Arun narrates the story, addressing a novelist and former lover in the second person. We will meet her only much later.


Run and Hide by Pankaj Mishra (2022) 336 pages ★★★★☆


Photo of the IIT Delhi campus, where future millionaires study, contributing to economic inequality in India today
Scene on the campus of IIT Delhi, where the three principals in the novel meet and become friends. Image: Wikidata

Enduring prejudice and massive inequality

In Run and Hide, Mishra explores the widening gap between Hindu and Moslem and the enduring prejudice that keep so many Indians mired in poverty today because of their low caste. While a few gain great riches, the great majority still live in impoverished villages with little hope of bettering their lives. Fortune magazine’s “rich list” includes 142 Indian billionaires collectively worth $832 billion today. As I write, Indian industrialist Gautam Adani ranks third in the world on the Forbes Real-Time Billionaires list with a net worth of $135 billion. Yet these few exceptionally successful men, and perhaps 800,000 millionaires, represent a minuscule fraction of the country’s population of 1.4 billion. The contrasts are staggering. You have only to view Mukesh Ambani’s lavish 27-story palace rising out of a Mumbai slum to see it with your own eyes.
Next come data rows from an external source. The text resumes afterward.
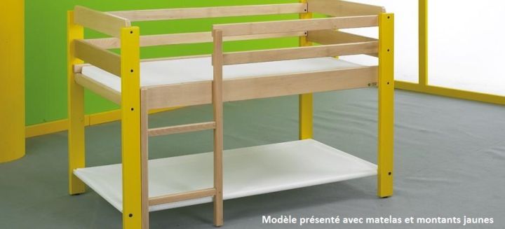 Coloris disponibles pour les montants : Bleu, Framboise, Jaune OU Vernis naturel **Lit homologué en maternelle.
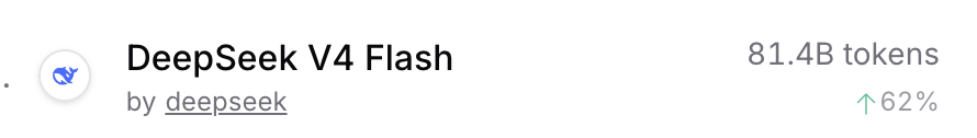 据OpenRouter平台数据,DeepSeek V4 flash今日调用量较前一天上涨了62%。
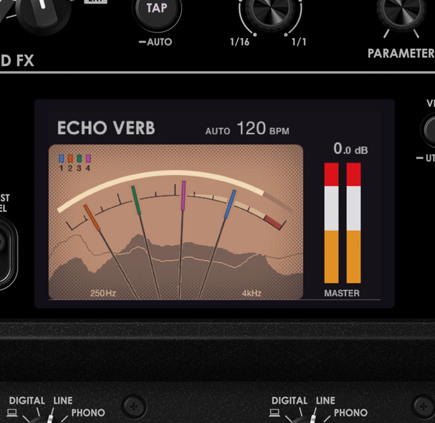 The euphonia features 5 built-in spatial effects and a high-pass filter, so you can easily add depth and breadth to your music. These are: Delay, Tape Echo, Echo Verb, Reverb, Shimmer, and HPF (high-pass filter). Also Send/Return section which you the option to connect external effects units. A dedicated knob on each channel enables you to adjust the send level going to the selected effect, so you can apply just the right amount. And the time knob, which allows you to adjust the effect delay and reverb time, has a proprietary mechanism developed specifically for this unit that automatically switches between a clicking sensation and no-clicking sensation depending on the effect you’ve selected. When using Delay, Tape Echo, and Echo Verb, the knob clicks according to the BPM, so you can quickly apply effects. When you use Reverb and Shimmer, there’s no clicking so you can turn the knob freely to perform smooth sweeps or make tiny adjustments to find the perfect setting.
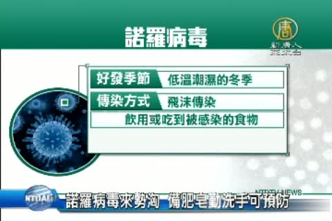 【新唐人亞太台2015年2月25日訊】知名景點爆發諾羅病毒,疫情創下四年來新高,進入高峰期。尤其諾羅病毒常發生在群眾聚集之地,因此適逢開學,接著又是228連續假期,現在是人心惶惶。不過,也不是完全對諾羅病毒無輒,只要徹底執行消毒措施,做好清潔工作,就能預防。
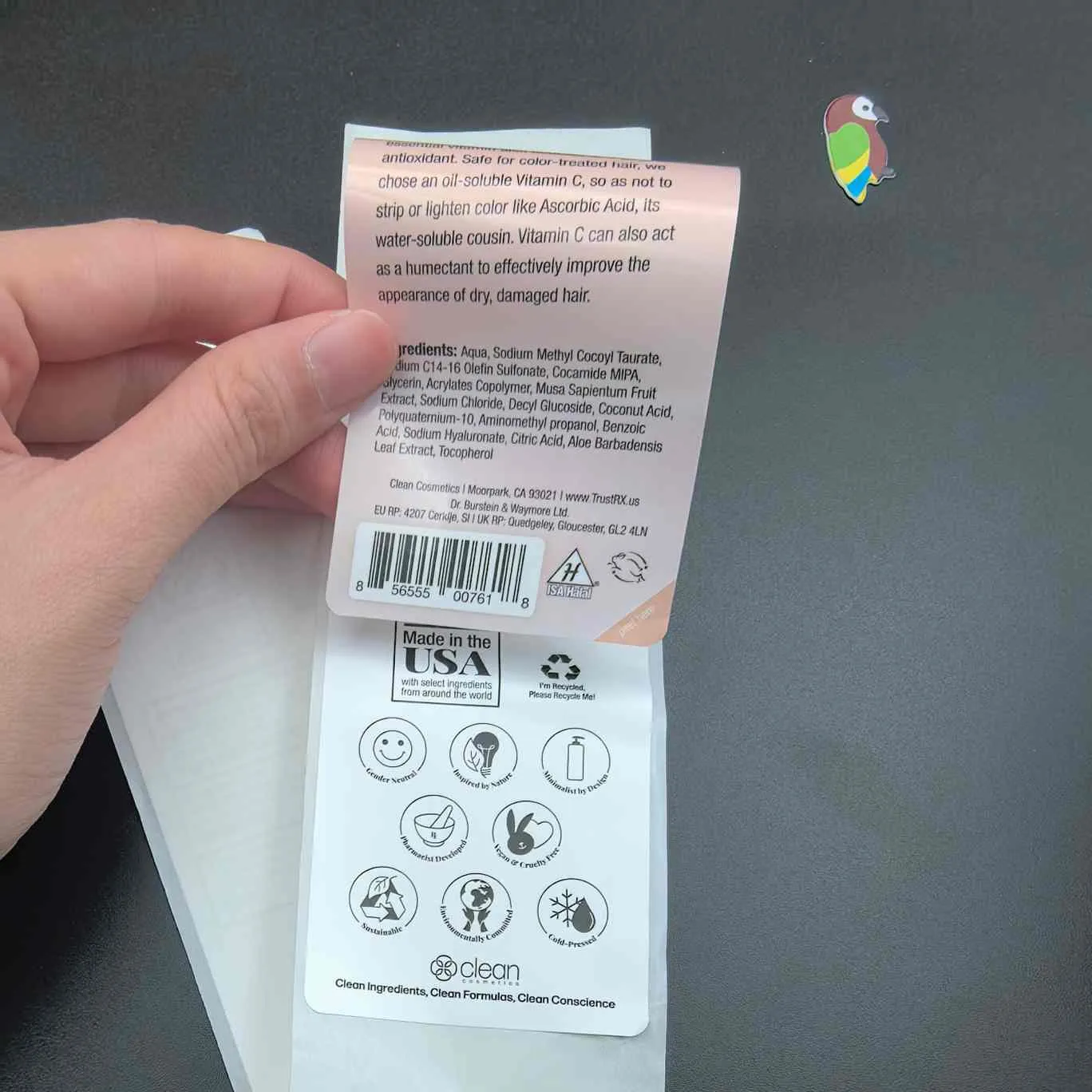 Kosmetika har strikta myndighetskrav för informationsutlämnande, såsom obligatorisk förteckning över ingredienser i enlighet med FDA eller EU:s regelverk. Samtidigt behöver varumärken förmedla varumärkeskoncept och produktförsäljningsargument. MultiLayer för kosmetiska etiketter balanserar perfekt dessa två behov, de följer reglerna genom att bära fullständig information och hjälper varumärken att förbättra produktens konkurrenskraft genom organiserad och attraktiv informationspresentation.
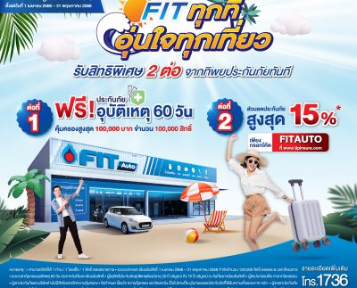ทิพยประกันภัย จับมือ FIT Auto ร่วมจัดแคมเปญรับเทศกาลท่องเที่ยว “FIT ทุกที่ อุ่นใจทุกเที่ยว”
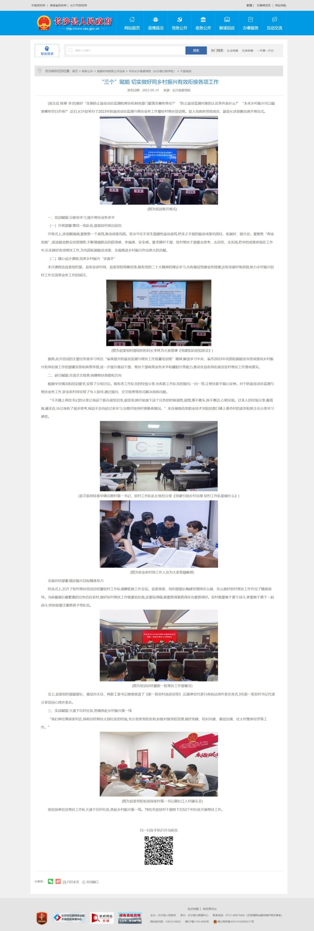5月31日,长沙县人民政府发布《“三个”赋能 切实做好同乡村振兴有效衔接各项工作》
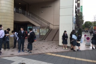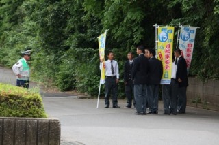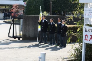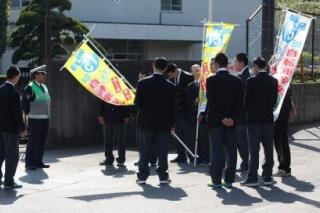 て声かけ運動を行います。今日は年間7回予定の第1回で、バスケット部が参加しました
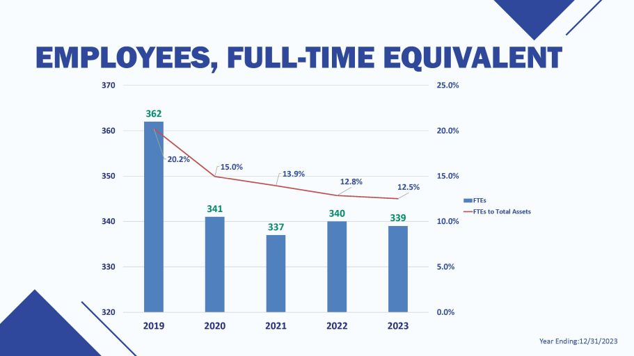 Year Ending:12/31/2023 362 341 337 340 339 20.2% 15.0% 13.9% 12.8% 12.5% 0.0% 5.0% 10.0% 15.0% 20.0% 320 330 340 350 360 EMPLOYEES, FULL - TIME EQUIVALENT 370 25.0% 2019 2020 2021 2022 2023 FTEs FTEs to Total Assets
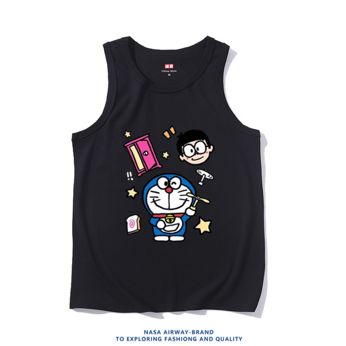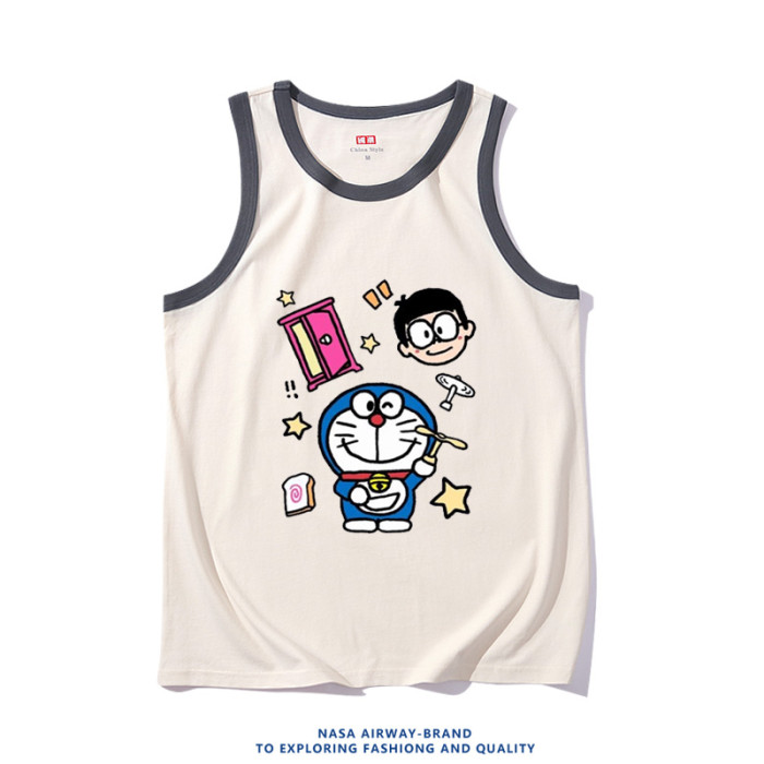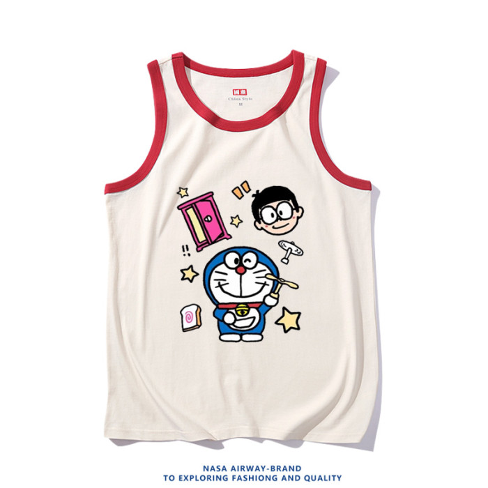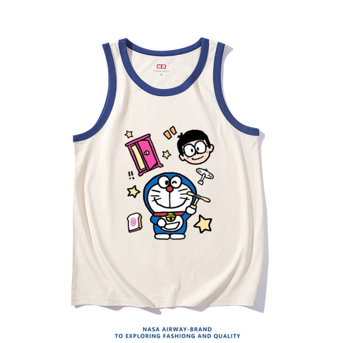 NASA美式潮牌哆啦A夢卡通復古純棉背心男女薄款寬松無袖T恤吊帶夏

Mishra writes well and displays penetrating insight into Indian society today. The novel combines social commentary with drama and romance. It’s well worth reading for anyone eager to understand that vast and complicated land.

About the author

Photo of Pankaj Mishra, author of this novel about economic inequality in India
Pankaj Mishra. Image: Aslu – Ullstein Bild via The Guardian

Pankaj Mishra is best known in India and the UK as an essayist but has also written two novels. His work has appeared in leading publications in both the US and Britain. He was born in a North Indian city in 1969 to a family impoverished by post-independence land distribution. Mishra received a bachelor’s degree from Allahabad University and a master’s in English literature from the Jawaharlal Nehru University in New Delhi. He is married.